Bitsi? That’d be enough reason to be a ball-buster. Since shifters were born, not changed like many Weres could be, her parents must have thought giving her a foo-foo name might disguise her true nature. That’d be like giving a buffalo a poodle’s haircut and expecting folks not to notice they were being charged by an enormous shaggy beast.

So focused on the unlikely shifter’s unlikely name, I missed the first part of Stone’s next comment but caught the end. “… so if the leaders want to—”

“I think we should get Bitsi,” Dyslexia shouted, earning the swivel of everyone’s attention to her. She glanced around our team saying in a lower voice, “What? She’s a woman. She’ll be easier to fight.”

“She’s a shifter,” I snapped back, not caring who heard. And since shifters had better hearing than humans, Bitsi already was listening in on everything being said. “There’s no ‘easy’ in fighting any shifter.”

Stone gave me a small nod and I swear I heard Rolf snort under his breath. But he wasn’t the most immediate problem, being saddled with an idiot with attitude was.

Dyslexia thrust her hands on her hips, lowering her head to protect her vulnerable neck and rocked forward on her feet. “You don’t care about the team,” she snarled back. “You don’t care if we’re all torn to pieces.”
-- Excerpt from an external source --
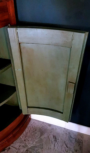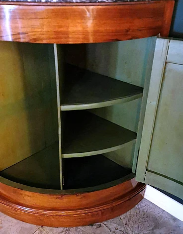 Eccezionale e rara angoliera Luigi Filippo francese in noce. Il corpo del mobile ha una linea sobria e molto elegante. Le due ante, dotate di serratura unica a chiave, sono massicce e curve. L'interno, tinteggiato in un gradevole colore verde, è stato diviso con un tramezzo verticale in due metà: quella di destra presenta due comodi piani orizzontali, in questo modo lo spazio è stato sfruttato in modo intelligente ed ottimale; l'anta sinistra in basso può essere fermata al divisorio centrale con un piccolo gancio. Il ripiano superiore dell'angolo è stato realizzato in marmo Nero Marquinia, un materiale lapideo di alta qualità a grana fine dal colore nero intenso, estratto dalla regione di Markina, Paesi Baschi, nel nord della Spagna; è uno dei più famosi e apprezzati pietre naturali nel mondo. Il marmo Marquinia è ampiamente utilizzato per lavori ornamentali pregiati. Il nostro progetto è ancora più particolare perché il marmo Marquinia ha molte più venature bianche del normale, un caso molto raro esteticamente gradevole e seducente. Il mobile è stato realizzato da veri Maestri Artigiani tra il 1870 e il 1875 in un laboratorio artigianale della cittadina di Pont-de-Beauvoisin, comune francese nel dipartimento dell'Isère, soprannominata "la città del mobile" per la sua antica tradizione della lavorazione del legno. Lo stile Luigi Filippo, sviluppatosi in Francia a metà dell'800, è caratterizzato da forme solide e decorazioni raffinate e mira ad esaltare la praticità e la funzionalità dei mobili. Le linee dei mobili sono dritte e sobrie e le forme sono ammorbidite con angoli arrotondati ed elementi arrotondati. I legni più comunemente usati sono quelli scuri, come il mogano, il noce e il palissandro. Per l'intera costruzione dell'angoliera è stata utilizzata un'eccezionale qualità di noce europeo, qualità esaltata anche da una lavorazione unica e speciale, "la lastronatura". Questa è una tecnica artigianale diffusasi in tutta Europa già a partire dal XVI secolo e rimasta immutata fino alla metà dell'800 prima della Rivoluzione Industriale, poi ripresa agli inizi del '900 per i mobili di lusso, soprattutto in Francia e Italia. Consisteva nel tagliare tronchi d'albero di legno nobile (noce, mogano, radica, piuma, etc.) in tanti strati di spessore variabile da 4 a 6 millimetri, che venivano poi applicati sui mobili a scopo decorativo. La finitura di questo processo è molto complessa: lo strato di legno viene trattato con terre naturali sciolte in acqua fino alla tonalità desiderata, viene antichizzato con pietra, fissato con gommalacca applicata a pennello e infine lucidato in 12 passate con un batuffolo di cotone imbevuto di gommalacca, olio di paglia con polvere di pietra pomice. La "lastronatura" non è da confondere con l'impiallacciatura, che è una lavorazione più recente; infatti lo strato di legno viene tagliato a macchina e lo spessore è inferiore a 1 mm., mentre quello di lastronatura, come già accennato, è da 4 a 6 mm. Questa tecnica ha permesso di esaltare i colori e la fiammatura del noce, donando ai nostri mobili un'eleganza e una raffinatezza unica ed esclusiva. L'angoliera è stata trattata a mano con antiche tecniche di restauro dal nostro team di artigiani ed è in ottime condizioni.

Kelly stepped forward to diffuse the tension, but I thrust my hand out and held her back, not glancing at her but staring instead at the woman itching to take a bite out of me.
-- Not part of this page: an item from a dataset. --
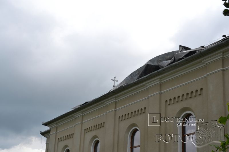 Din cauza ploii, cateva picturi de pe tavanul bisericii au avut de suferit. La fata locului sunt asteptati in aceste momente pompierii cu autospeciala cu scara de mari dimensiuni, singura de acest gen din judetul Timis. Vom reveni cu amanunte de la fata locului.La momentul la care pompierii au ajuns la fata locului, ambreiajul masinii a cedat, iar acum pompierii incearca sa o repare. Masina nu va fi capabila sa intervina, pompierii cerand deja un mecanic de la Lugoj pentru a incerca sa rezolve defectiunea.

“You’re wrong.” I swung my gaze to intersect with Vaughn, then the rest of my team. “No human wins going one-on-one with a shifter. We have to fight as a team or go down. Doesn’t matter if we get Bitsi,” I stumbled a little over the name, “Or Rolf, or Paris Hilton.”

Not that I thought Paris Hilton was a shifter, fae maybe, but she fit the point I was making. “And if you think the sex, or name, or outward appearance of a shifter is going to make fighting one easier than another, you’re on your way to a quick grave.”

“Says you,” Dyslexia almost spit the words. “Are you a shifter?”

“No.”

“Then you don’t know squat. You’re—”

“The sister of four shifter brothers,” I ground out, earning a quick step back from most of my teammates, all except Kelly and Vaughn. Even Dyslexia hesitated as fear washed over her face. Fear of the unknown. And since most shifters never advertised what they were, the fact I’d lived among them marked me as different and frightening. Nice way to paint a neon sign on my head. The first to come out. The group might not know what I was, but they sure as heck knew I was related to non-humans.

I stepped forward, closer to Dyslexia so she was very clear I wasn’t afraid of her stupidity, even if it could get us killed. “Vaughn’s team leader. She chooses. Not you.”

Not that Vaughn had a lot of choice at this point. If she chose Rolf the whole group, including Stone, would assume it was because Dyslexia forced her into a no-win situation. Right now the tail was wagging the dog.

Vaughn glanced at me, gave a what-the-hell shrug and cut her gaze to Stone, not the shifters, as she said. “Makes no difference to me. I’ve got a strong team. We’ll fight any shifter you have.”

Nice face saving move. We were still going to get trounced, but it looked like we could do so in style.

I gave Vaughn a thumbs up, moving the circle in for a huddle. Yeah, that was Vaughn’s call, but I had a few things to share before all hell broke loose.